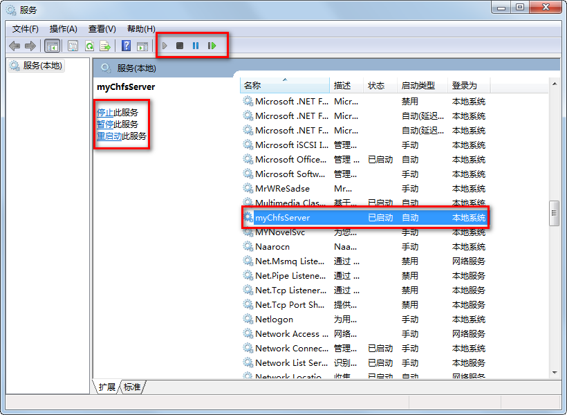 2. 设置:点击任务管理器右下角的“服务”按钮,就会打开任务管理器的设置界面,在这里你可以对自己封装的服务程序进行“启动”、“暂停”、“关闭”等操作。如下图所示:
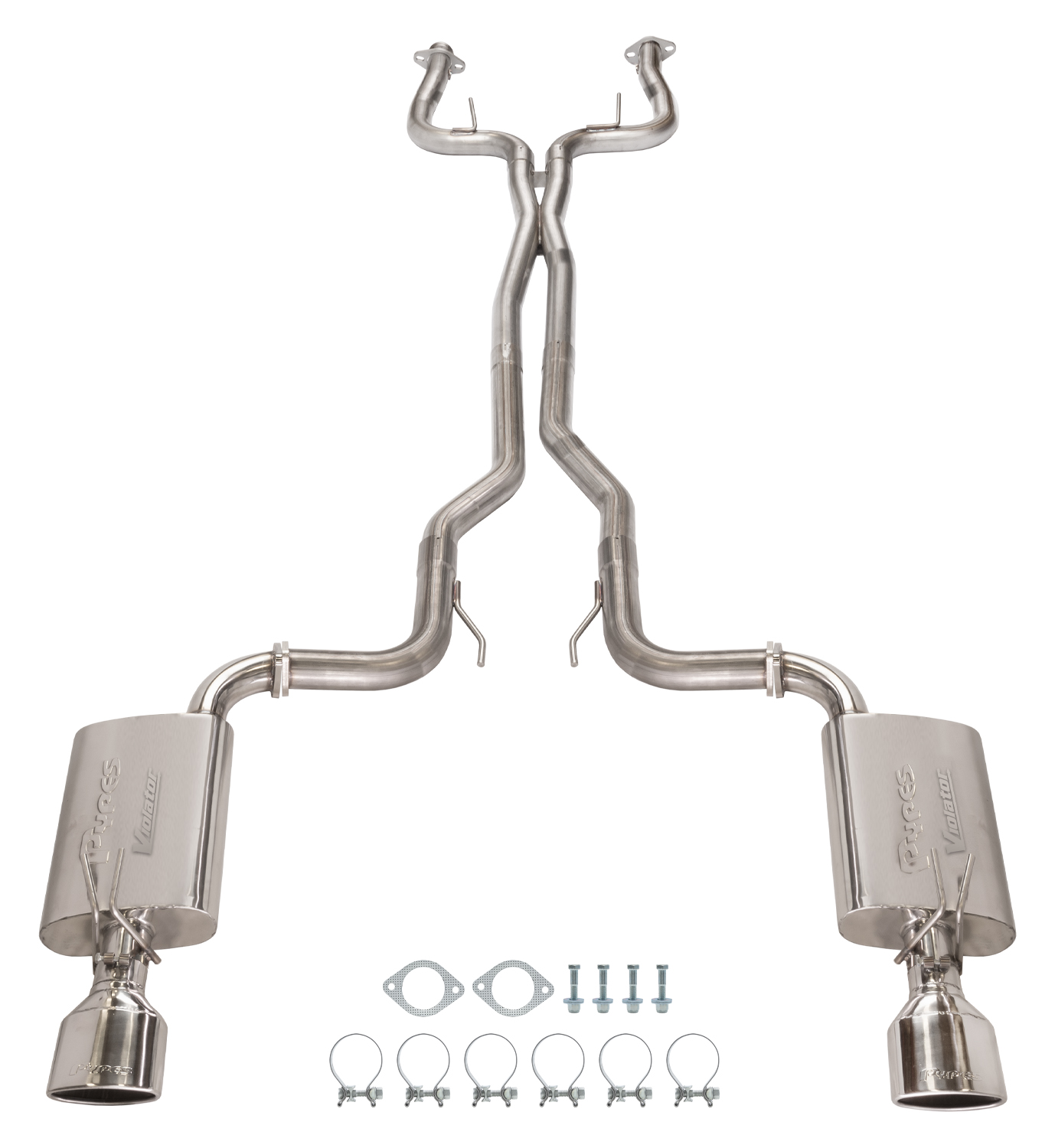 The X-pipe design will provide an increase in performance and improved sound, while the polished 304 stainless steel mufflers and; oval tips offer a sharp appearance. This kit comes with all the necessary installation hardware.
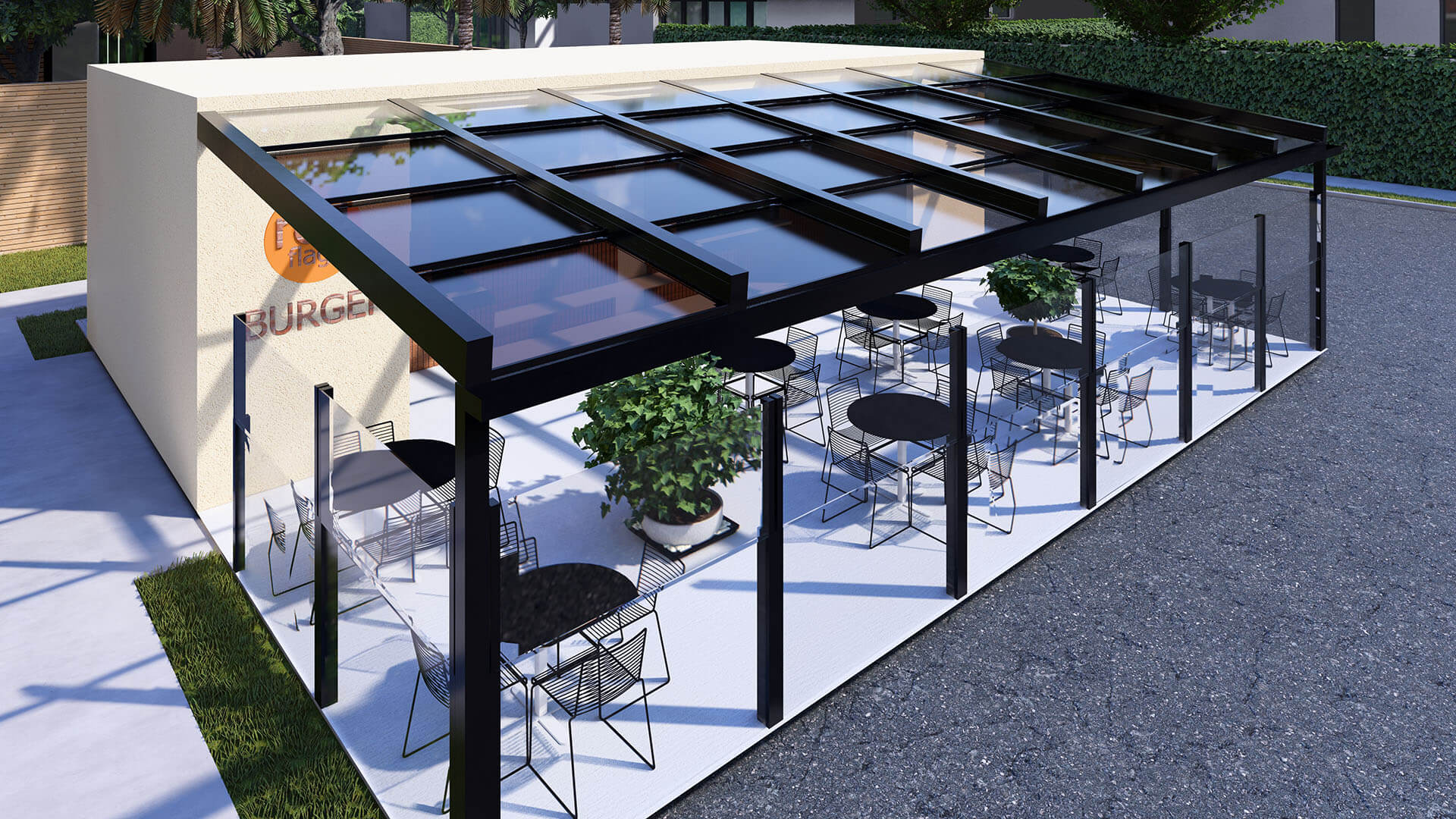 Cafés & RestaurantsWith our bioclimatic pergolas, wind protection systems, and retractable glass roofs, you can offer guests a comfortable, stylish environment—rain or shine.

---

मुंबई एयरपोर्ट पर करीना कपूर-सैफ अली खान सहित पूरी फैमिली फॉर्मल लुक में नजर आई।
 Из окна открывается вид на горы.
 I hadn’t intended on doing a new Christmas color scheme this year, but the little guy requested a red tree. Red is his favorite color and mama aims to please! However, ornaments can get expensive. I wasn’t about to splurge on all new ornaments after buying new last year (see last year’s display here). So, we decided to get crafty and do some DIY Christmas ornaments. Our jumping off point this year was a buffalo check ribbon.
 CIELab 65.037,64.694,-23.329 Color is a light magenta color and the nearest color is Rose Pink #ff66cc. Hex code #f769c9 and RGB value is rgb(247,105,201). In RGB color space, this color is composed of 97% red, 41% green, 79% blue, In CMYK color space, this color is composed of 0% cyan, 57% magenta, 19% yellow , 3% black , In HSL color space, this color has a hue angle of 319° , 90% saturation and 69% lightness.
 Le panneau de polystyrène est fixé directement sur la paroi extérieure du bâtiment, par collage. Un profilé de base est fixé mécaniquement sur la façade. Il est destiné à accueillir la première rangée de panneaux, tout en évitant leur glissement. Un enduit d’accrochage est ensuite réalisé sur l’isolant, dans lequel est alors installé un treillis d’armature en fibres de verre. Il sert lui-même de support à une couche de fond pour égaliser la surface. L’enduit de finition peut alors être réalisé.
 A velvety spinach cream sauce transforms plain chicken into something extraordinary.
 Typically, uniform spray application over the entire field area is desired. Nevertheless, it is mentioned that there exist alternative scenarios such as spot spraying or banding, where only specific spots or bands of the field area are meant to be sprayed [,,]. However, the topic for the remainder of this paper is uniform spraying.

_Exercise description_
Your answer is the exact run of lines above from the one with "2. 设置:点击任务管理器右" through the one with "The X-pipe design", both ends included, minus any picture.

_Your solution_
 2. 设置:点击任务管理器右下角的“服务”按钮,就会打开任务管理器的设置界面,在这里你可以对自己封装的服务程序进行“启动”、“暂停”、“关闭”等操作。如下图所示:
 The X-pipe design will provide an increase in performance and improved sound, while the polished 304 stainless steel mufflers and; oval tips offer a sharp appearance. This kit comes with all the necessary installation hardware.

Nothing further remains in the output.